If your main objection to scale working is just the lack of data, your intuitive reaction should not be, “Well it looks we could have produced AGI by scaling up a transformer++, but I guess we’re gonna run out of data first.” Your reaction should be, “Holy fuck [sic], if the internet was a lot bigger, scaling up a model whose basic structure I could write in a few hundred lines of Python code would have produced a human level mind. It's a crazy fact about the world that it’s this easy to make big-blobs-of-compute intelligent.
I’m very happy to say “holy fuck!” in response to recent LLM progress. These advances are a big deal. We just cracked the Turing test, which is impressive enough itself! But, that doesn’t mean synthetic data will be enough. I don’t think it’s surprising that the current AI paradigm, which involves datasets orders of magnitude larger than what the human brain requires to learn, will in fact run into data bottlenecks. There are also other reasons to doubt the broader scaling hypothesis, some of which I’ve discussed, so it’s a bit of a strawman to say that this is the only objection one might have within this general topic.

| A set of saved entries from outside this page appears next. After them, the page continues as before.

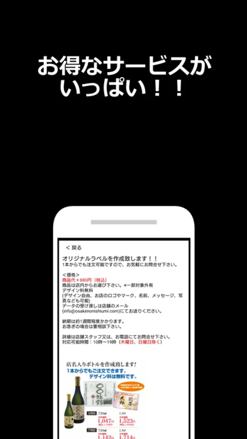 さらに、オリジナルラベルで店名入りボトルが作成出来ます。販促、記念品、コンペやお祝いなどプレゼント用にいかがでしょうか?
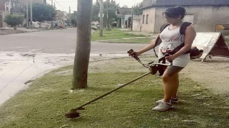 Rocii Bel, como se hace llamar en las redes, vive en la ciudad bonaerense de Gregorio de Laferrere. “No se me cae nada, ¿vergüenza que salga a trabajar de cortar pasto? ¡Vergüenza es salir a robar!”, expresó la mujer. Y explicó: “Todo lo hago para que a mis hijos no les falte nada y para poder terminar mi casita”.
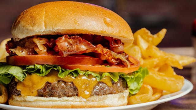 Queso cheddar americano, bacon, cebolla caramelizada, lechuga y tomate hamburguesa de 200grs de exclusivo angus irlandés
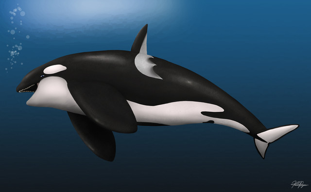 Indeed. Male orcas have a particular profile, that looks almost too out of proportion to be real or too bulky for them to gain swimming speed. But still they manage.
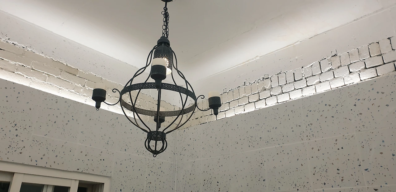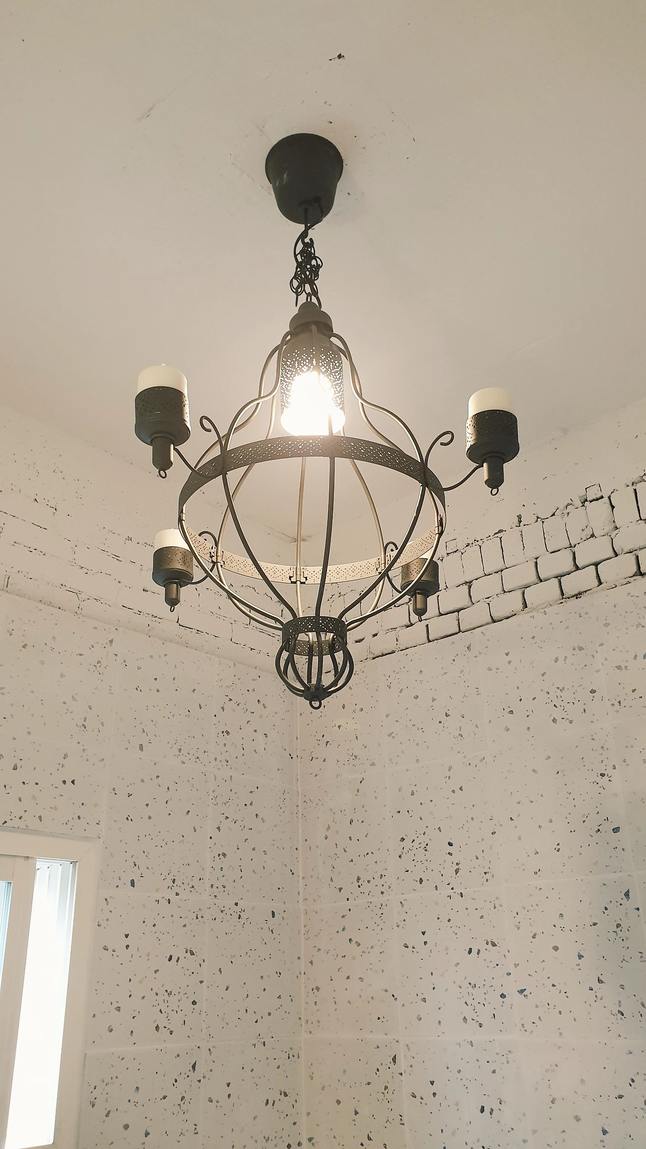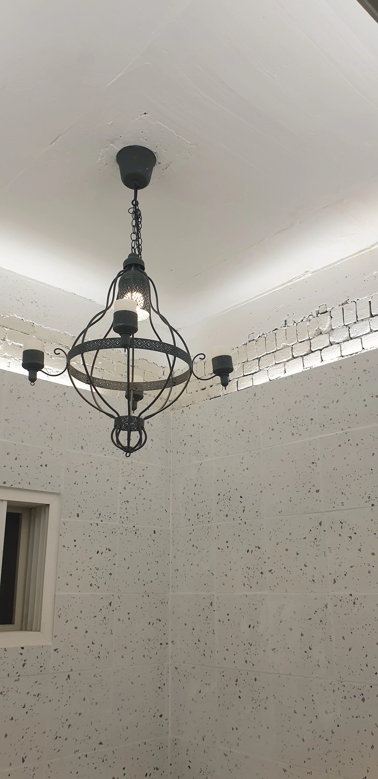 천장 쪽에 페인트 칠을 하고 조명을 달았다. 화장실에 사용하기에 조금 부담스럽지만, 높은 천고와 벽돌과 어울리는 조명이라고 생각했다. 거울에 비치는 자신과 전등과 화장실 분위기가 셀카를 찍고 싶어할만한 장면이길 바라면서..

Next, Dwarkesh argues that models just need to be better at judging their own reasoning than de novo.
Self play doesn’t require models to be perfect at judging their own reasoning. They just have to be better at evaluating reasoning than at doing it de novo (which clearly already seems to be the case - see Constitutional AI, or just play around GPT for a few minutes, and notice that it seems better at explaining why what you wrote down is wrong than it is at coming up with the right answer by itself)4.
Here we see a concrete example in the form of Constitutional AI. This was a paper published in late 2022 by Anthropic which used a “Constitution” as the only human-generated data in the fine-tuning process for Claude. This is a nice idea, but it is more useful for alignment and safety than for superhuman performance on hard reasoning tasks. What would the Constitution for the biochemistry expert LLM be? “You are a scientist. Be smart, do good science, don’t hurt anyone”? This may be directionally useful but I don’t believe it’s a paradigm shift in LLM inference.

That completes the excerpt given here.